Now assume a whole bunch of allocation/de-allocation has happened. Since new allocations are in Gen0 the memory layout looks like
The whole purpose of segregating into generations is to reduce the number of objects to inspect for marking. So the first root is used for marking as it points to a Gen0 object. While using the second root the moment the marker sees that the reference is into a Gen1 object it does not follow the reference, speeding up marking process.
Now if we only consider the Gen0 objects for marking then we only mark the objects indicated by ✓. The marking algorithm will fail to locate the Gen1 to Gen0 references (shown in red) and some object marking will be left out leading to dangling pointers.
One of the way to handle this is to somehow record all references from Gen1 to Gen0 (way to do that is in the next section) and then use these objects as new roots for the marking phase. If we use this method then we get a new set of marked objects as follows
理解:图(5)展示了一系列的构造和析构后的内存布局情况。划分对象的目的是为了减少需要标记的对象个数。所以第一个根引用所指向的对象可以直接标记,因为他指向的对象是Gen0的。第二个根引用指向Gen1中的对象,加速了标记的过程。如果只考虑标记Gen0对象,也就是只标记有对钩的对象,那么标记算法将无法标记Gen1对象所指的Gen0对象(红色箭头),并导致悬挂指针的产生(Gen1中紫色的对象)。一种解决方案是标记所有Gen1对象所指的Gen0对象,并将这些Gen1对象作为新的根。
This now gives the full set of marked objects. Post another GC and promotion of surviving objects to higher generation we get
At this point the next cycle as above resumes…
Tracking higher to lower generation references
In general applications there are very few (some studies show < 1% of all references) of these type of references. However, they all need to be recorded. There are two general approached of doing this
Write barrier + card-table
First a table called a card table is created. This is essentially an array of bits. Each bit indicates if a given range of memory is dirty (contains a write to a lower generation object). E.g. we can use a single bit to mark a 4KB block.
理解:首先创建一个卡片表,也就是bit数组。每一个bit位用来表示一个给定的内存区域是否是脏的。例如,我们可以用一个bit位来标记一个4kb的内存块是否为脏的。
Whenever an reference assignment is made in user code, instead of directly doing the assignment it is redirected to a small thunk (incase .NET the JITter does this). The thunk compares the assignees address to that of the Gen1 memory range.
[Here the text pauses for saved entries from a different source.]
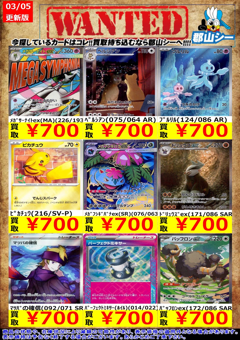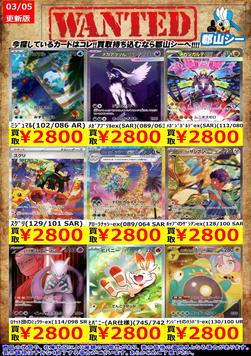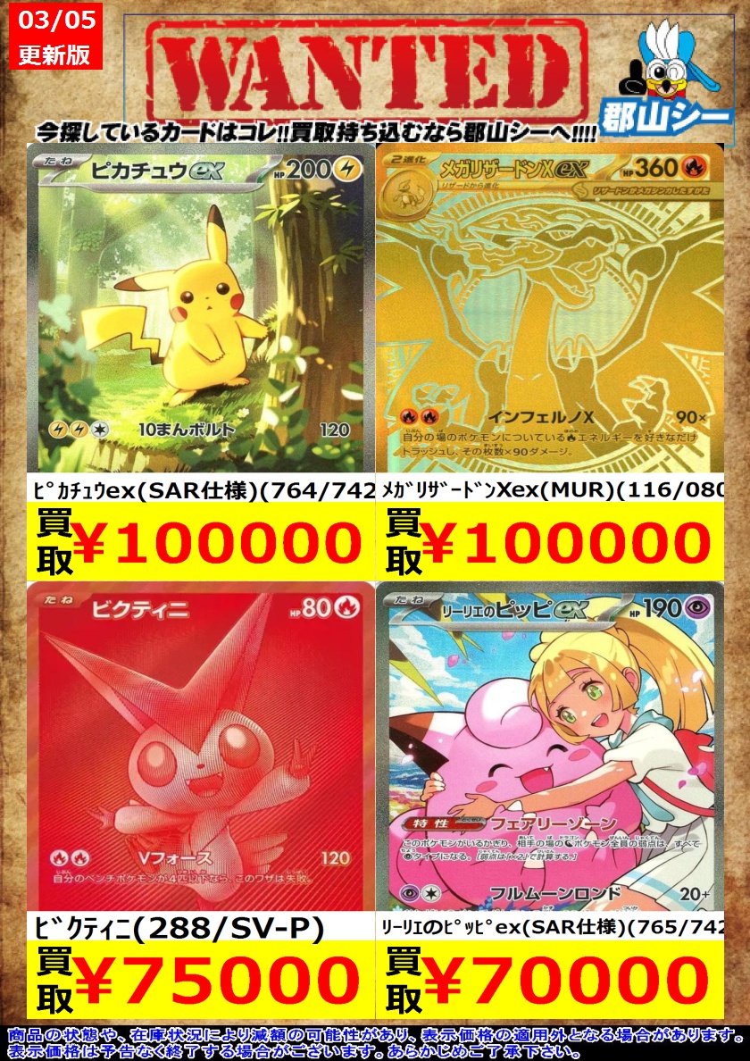 シーガル郡山店ポケカ数量限定お買取り情報更新です!よろしくお願いいたします! ※商品の状態や在庫状況により減額の可能性があり、表示価格の適用外となる場合がございます。 アカマツ(123/102 SR) ¥2,200 メガユキメノコex(SAR)(233/193) ¥2,400 メガピクシーex(SAR)(112/080) ¥2,400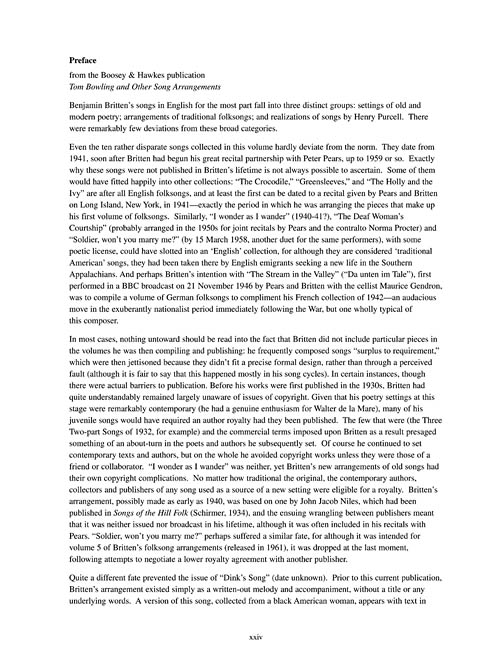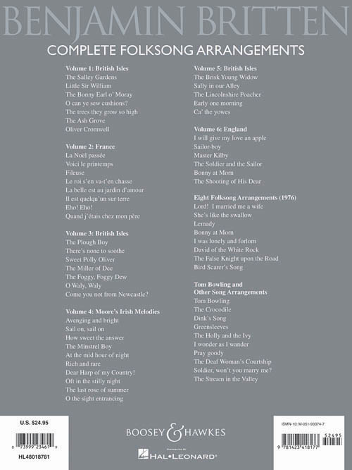 Coletânea com 61 canções incluídas em sete publicações dedicadas a Britten folksong, arranjadas para vozes masculinas e femininas. Diversas destas músicas jamais foram transcritas anteriormente e trazem além das linhas melódicas, as cifras para violão, guitarra e piano. Incluindo: At the mid hour of night; Avenging and bright; Bird Scarer's Song; Bonny at morn (1976); Bonny at morn (volume 6); Ca' the yowes; Come you not from Newcastle?;Greensleeves; How sweet the answer; I was lonely and forlorn; entre outras.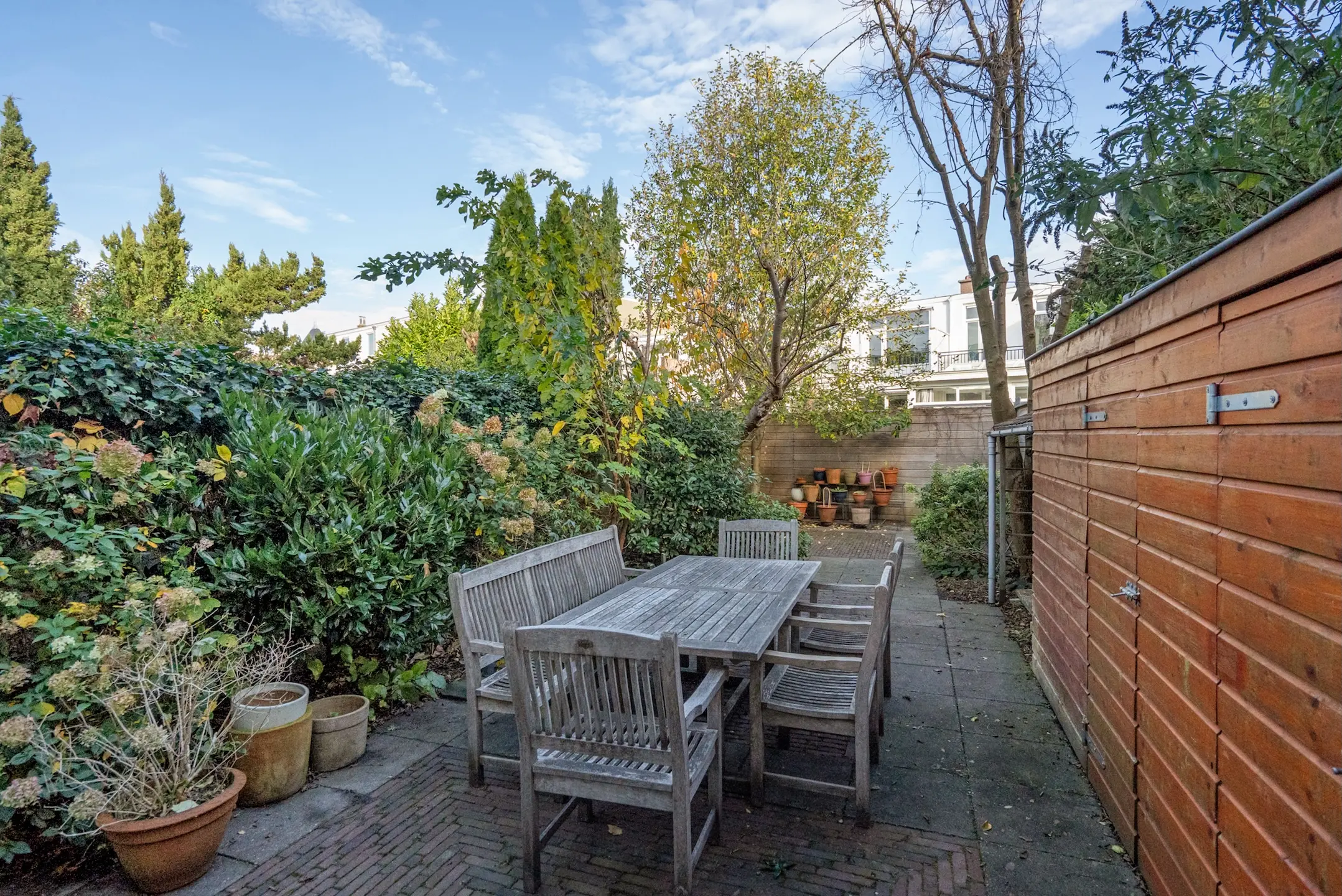 Begane grond: voortuin, prachtig ontworpen voorgevel met ronde entreepartij, vestibule met gerestaureerde granito vloer en vernieuwde glas-in-lood ramen, hal met bergruimte, wit betegeld toilet voorzien van wandcloset en een fontein, sfeervolle kamer en suite bestaande uit een voor- en een achterkamer alsmede een serre, kenmerkend is de mooie schuifseparatie met vaste kasten, de natuurstenen schouwen (waarvan één omgebouwd tot open haard) en de visgraat eiken parketvloer met een sierbies. Plafondhoogte maar liefst 3.17 meter waardoor het geheel zeer ruimtelijk is. Dubbele deuren naar de goed aangelegde en rustig gelegen achtertuin van ongeveer 14.00 meter diep, gesitueerd op het noordoosten. Houten tuinberging. De moderne keuken (Bruynzeel) heeft een warme, nostalgische uitstraling met granito vloer. De keukeninrichting is in een hoekopstelling met een zwart composiet werkblad, geïntegreerde vaatwasser, koelkast, extra breed fornuis met 6 branders, een heteluchtoven en een rvs afzuigkap. Aan de andere zijde een buffetkast met een zwart composiet werkblad.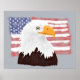 American Bald Eagle and Flag - transparent on grey Poster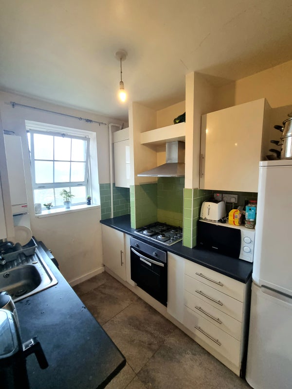 The room is furnished with a double bed, fitted wardrobe and chest of drawers. top floor view, bright and has space to work from with a desk and plenty of storage. Shared kitchen and bathroom with a separate toilet. Nice quiet household ideal for someone who values the area and transport links.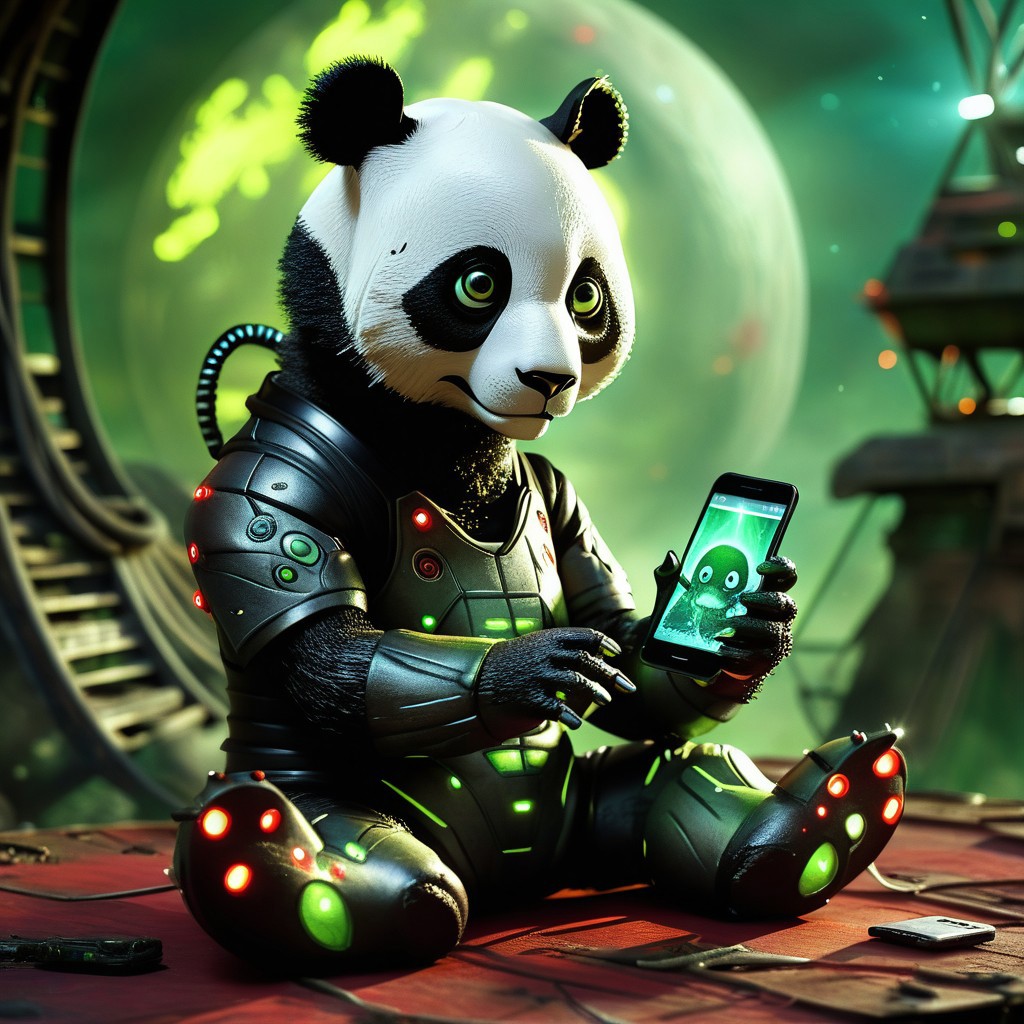 alienworld, A realistic panda wearing a alien extraterrestrial mask. The panda is holding a smartphone standing in front a alien ship

If the range falls within, then the thunk updates the corresponding bit in the card table to indicate that the range which the bit covers is now dirty (shown as red).
理解:当一个用户申请了一个内存分配引用,GC不会直接进行内存分配,而是转向一个thunk程序(.Net中就是如此)。thunk程序将分配者的地址和Gen1的内存地址进行比较。如果在Gen1的内存范围内,thunk会更新相应的bit位来表示相应的内存块已脏(红色部分)。
First marking uses only Gen0 objects. Once this is over it inspects the card table to locate dirty blocks. Then it considers every object in that dirty block to be new roots and marks objects using it.
As you can see that the 4KB block is just an optimization to reduce the size of the card table. If we increase the granularity to be per object then we can save marking time by having to consider only one object (in contrast to all in 4KB range) but our card table size will also significantly increase.
One of the flip sides is that the thunk makes reference assignment slower.
理解:首先标记的是Gen0对象。一旦标记结束就检查卡片表来定位脏块。所有脏块内的对象都会成为新的根,并且标记正在用他们的对象。4KB的大小可以最优化卡片的大小。如果我们将粒度增大,我们可以节省标记的时间但却只能考虑一个对象而不是4KB的大小。我们的表也会增大。thunk会使引用分配变慢。
HW support
Hardware support also uses card table but instead of using thunk it simply uses special features exposed by the HW+OS for notification of dirty writes. E.g. it can use the Win32 api GetWriteWatch to get the list of pages where write happened and use that information to get the card table entries.
However, these kind of support is not available on all platforms (or older version of platforms) and hence is less utilized.